Rapp used his boot to kick the IED beneath the man’s body and then ran in the opposite direction, making it about twenty feet before diving into a shallow dip in the ground. The explosion sent hot gravel washing over him and he heard a few disconcertingly loud cracks from above, but that was it. The rock held. He rolled onto his back, pulling his shirt over his mouth and nose to protect his lungs from the dust. The smart money would be to turn tail and call in a few bunker busters, but he couldn’t bring himself to do it. If Halabi was there, Rapp was going to see him dead. Even if they entered the afterlife together with their hands around each other’s throats.

The sound of automatic fire started up outside but Rapp ignored it, pulling the Volquartsen and using a penlight to continue deeper into the cavern. Coleman and his boys could handle themselves.

The cave system turned out to be relatively simple—a lot of branches, but almost all petered out after a few feet. The first chamber of any size contained a cot and some rudimentary medical equipment—an IV cart, monitors, and a garbage can half full of bloody bandages. All of it looked like it had been there for a while.

The second chamber appeared to have been set up for surgical procedures but wasn’t much more advanced than something from World War I. A gas cylinder that looked like it came from a welder, a tray with a few instruments strewn across it, and a makeshift operating table streaked with dried blood.

And that was the end of the line. The cave system dead-ended just beyond.

“Shit!” Rapp shouted, his voice reverberating down the corridor and bouncing back to him.

The son of a bitch had been there. They’d brought him to treat the injuries he’d sustained in Iraq and to give him time to heal. A month ago, Rapp might have been able to look into his eyes, put a pistol between them, and pull the trigger. But now he was long gone. Sayid Halabi had slipped through his fingers again.

 

 

CHAPTER 2


AL MUKALLA

YEMEN

SAYID Halabi carefully lowered himself into a chair facing a massive hole in the side of the building he was in. Shattered concrete and twisted rebar framed his view of the cityscape stretching into the darkness. A half-moon made it possible to make out the shapes of destroyed vehicles, collapsed homes, and scattered cinder blocks. No light beyond that provided by God burned anywhere in sight. Power had once again been lost and the city’s half a million residents were reluctant to light fires or use battery power out of fear that they could be targeted by the Saudis.

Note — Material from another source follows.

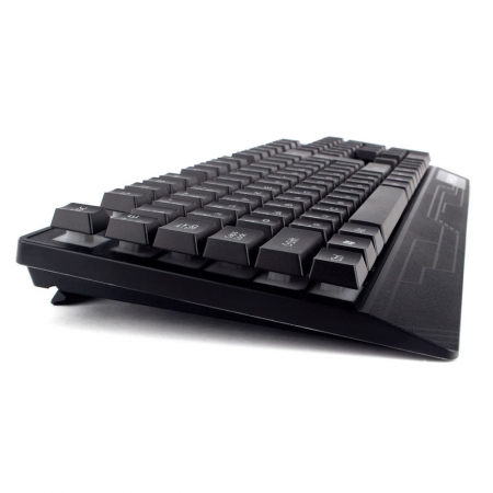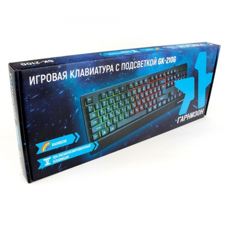 Гарнизон GK-210G - игровая клавиатура с радужной подсветкой. Модель оснащена классической раскладкой и механизированными клавишами, которые дают при нажатии тактильные ощущения механической клавиатуры. Конструкция клавиш при этом - мембранная. 19 клавиш с защитой от фантомных нажатий предотвращают случайный вылеты из игры. Клавиатура подключается к USB-порту компьютера и не требует установки драйверов.
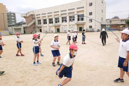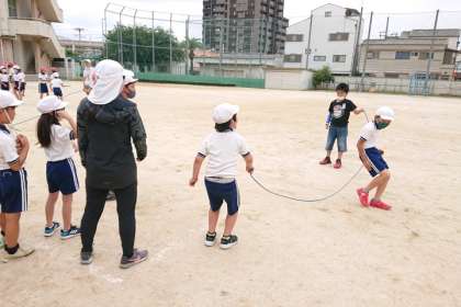 子どもたちがグループに分かれて、大なわとびの練習をしています。

It hadn’t always been so. In 2015, al Qaeda had taken advantage of the devastation brought by Saudi Arabia’s air war in Yemen and mounted an attack on Al Mukalla. Government forces had barely even gone through the motions of fighting back. After a few brief skirmishes they’d run, abandoning not only a terrified populace but the modern weapons of war—battle tanks, American-made Humvees, and heavy artillery.

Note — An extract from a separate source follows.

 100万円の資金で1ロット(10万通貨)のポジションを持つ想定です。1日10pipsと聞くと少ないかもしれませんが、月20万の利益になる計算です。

After that stunning victory, a glorious glimpse of what was possible had ensued. Strict Islamic law was imposed as al Qaeda took over the governance of the city. Roads were repaired, public order was restored, hospitals were built. Sin and destruction were replaced by order and service to God.

A year later, Emirati-backed soldiers had driven al Qaeda out, returning the city to the dysfunctional and corrupt Yemeni government. Since then, nothing had been done to rebuild, and the Saudis’ indiscriminant bombing continued, slowly strangling hope. Hunger, disease, and violence were all that people had left.

A lone car appeared to the east, weaving slowly through the debris with headlights extinguished. Halabi followed it with his gaze for a time, wondering idly where the driver had managed to find fuel and listening for approaching Saudi jets. None materialized, though, and the car eventually faded from view.